● **TASK TO COMPLETE**:
Please retype the listing below exactly as it stands, skipping any pictures.

● **COLLECTED MATERIAL**:
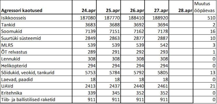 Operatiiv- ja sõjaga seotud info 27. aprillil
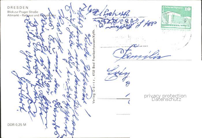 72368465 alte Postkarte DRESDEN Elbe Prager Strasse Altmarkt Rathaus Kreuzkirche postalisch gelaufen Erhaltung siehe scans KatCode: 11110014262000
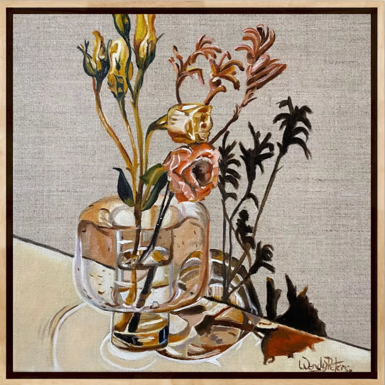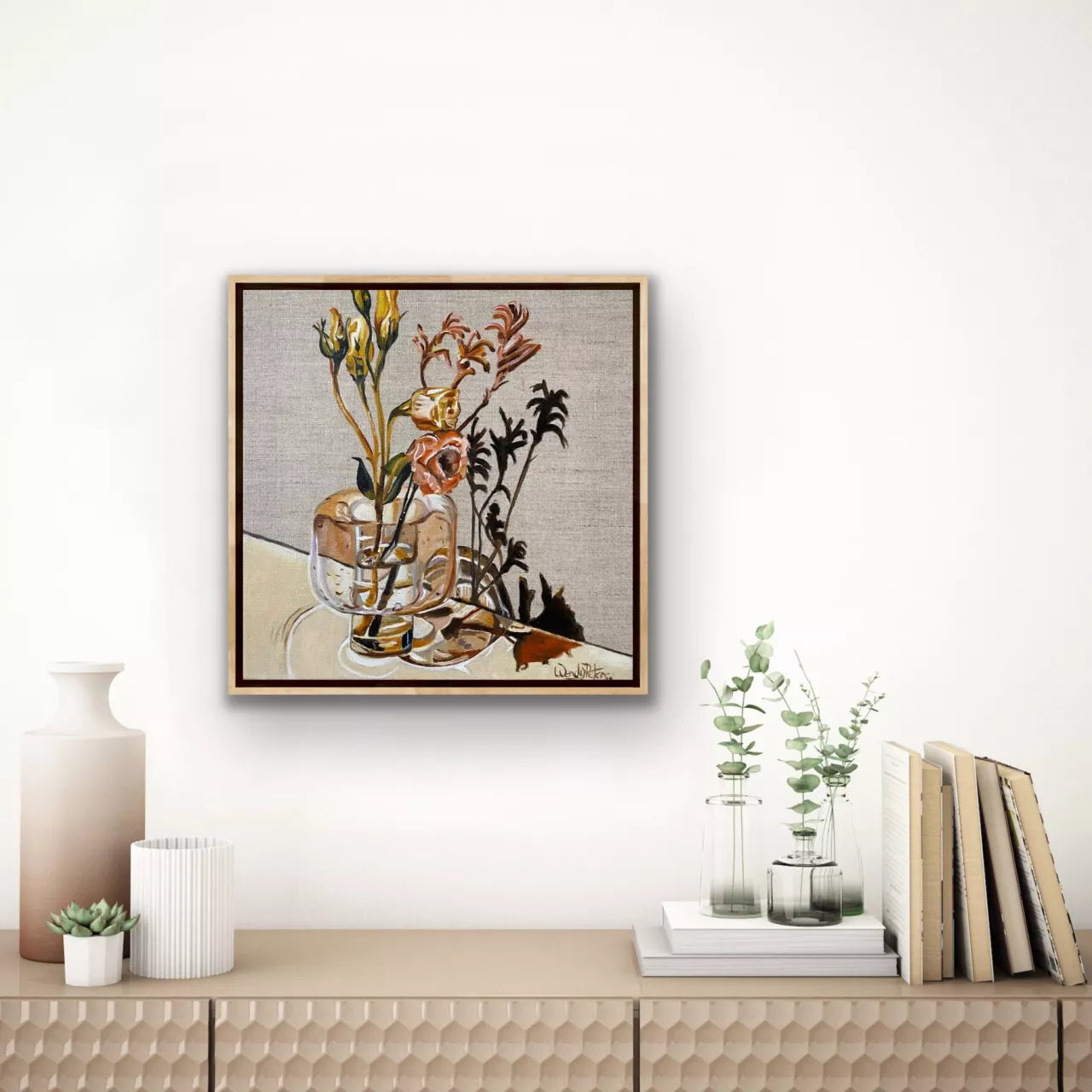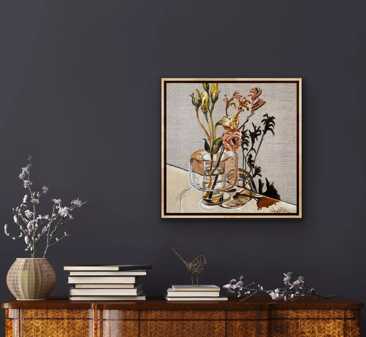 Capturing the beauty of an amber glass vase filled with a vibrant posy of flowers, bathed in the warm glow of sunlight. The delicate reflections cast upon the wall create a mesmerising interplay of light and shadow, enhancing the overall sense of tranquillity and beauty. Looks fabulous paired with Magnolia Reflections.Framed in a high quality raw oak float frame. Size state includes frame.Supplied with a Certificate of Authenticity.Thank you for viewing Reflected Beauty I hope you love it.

● **EXERCISE ANSWER**:
 Operatiiv- ja sõjaga seotud info 27. aprillil
 72368465 alte Postkarte DRESDEN Elbe Prager Strasse Altmarkt Rathaus Kreuzkirche postalisch gelaufen Erhaltung siehe scans KatCode: 11110014262000
 Capturing the beauty of an amber glass vase filled with a vibrant posy of flowers, bathed in the warm glow of sunlight. The delicate reflections cast upon the wall create a mesmerising interplay of light and shadow, enhancing the overall sense of tranquillity and beauty. Looks fabulous paired with Magnolia Reflections.Framed in a high quality raw oak float frame. Size state includes frame.Supplied with a Certificate of Authenticity.Thank you for viewing Reflected Beauty I hope you love it.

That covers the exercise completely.